À ces mots, Scipion ouvrit des yeux énormes :

— J’avoue que je ne comprends goutte…

— Vous ne voulez pas comprendre plutôt, reprit le Yankee d’un ton agressif. Peu importe, d’ailleurs, je suis toujours prêt aux explications. Et plantant un regard aigu dans les yeux de son interlocuteur :

— On a deux duels… on a peur…

— Peur, gronda le Méridional commençant à deviner vers quel but tendait Sullivan.

— Parfaitement. On ne veut pas présenter des excuses… Alors on prévient les gendarmes, ou, ce qui est la même chose, la population de Mexico.

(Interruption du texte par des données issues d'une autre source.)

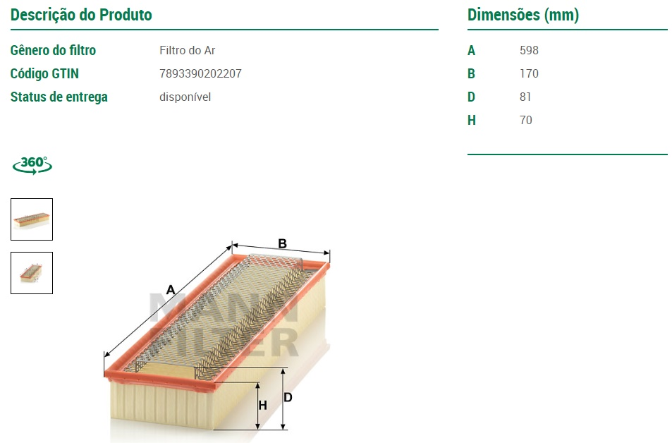 23956 - FILTRO AR MB 812/814/912 ELETRONICO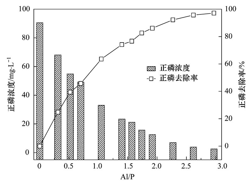 化學(xué)結(jié)晶法除磷具有效率高、 工藝簡(jiǎn)單、 運(yùn)行可靠的優(yōu)點(diǎn),在污水處理中得到了廣泛應(yīng)用[10, 11, 12].化學(xué)除磷一般通過(guò)Al3+、 Fe3+、 Ca2+或Mg2+與PO3-4形成沉淀將其去除,同時(shí)絮狀沉淀又能吸附去除部分正磷[13,14].化學(xué)除磷對(duì)于高含磷污水具有很好的處理效果. Triger等[15]研究了羥基磷灰石結(jié)晶去除厭氧上清液中磷的效果.張萌等[6,7]以響應(yīng)面法分析了Fe2+和Fe3+除磷過(guò)程主要操作條件Fe/P、 pH和快速攪拌轉(zhuǎn)速對(duì)富磷污水除磷的單獨(dú)效應(yīng)和聯(lián)合效應(yīng).磷酸銨鎂沉淀去除回收富磷污水中磷的研究也得到了廣泛關(guān)注[15, 16, 17].然而,作為污水處理廠水量較大且磷濃度較高的濃縮脫水污泥水,系統(tǒng)考察鋁鹽對(duì)其除磷效能及相關(guān)影響因素的研究卻鮮有報(bào)道.

Il n’avait pas achevé que Scipion se dressait. La face joviale du joyeux garçon s’était contractée, une pâleur intense couvrait ses joues tremblotantes. Comme un ressort ses bras se détendirent et ses doigts saisirent l’Américain à la gorge, tandis que ses lèvres s’ouvraient avec effort pour laisser passer ce mot haleté, comme déchiré par les dents serrées :

— Misérable !

Un murmure s’éleva dans l’escorte. Des navajas brillèrent au poing des cavaliers.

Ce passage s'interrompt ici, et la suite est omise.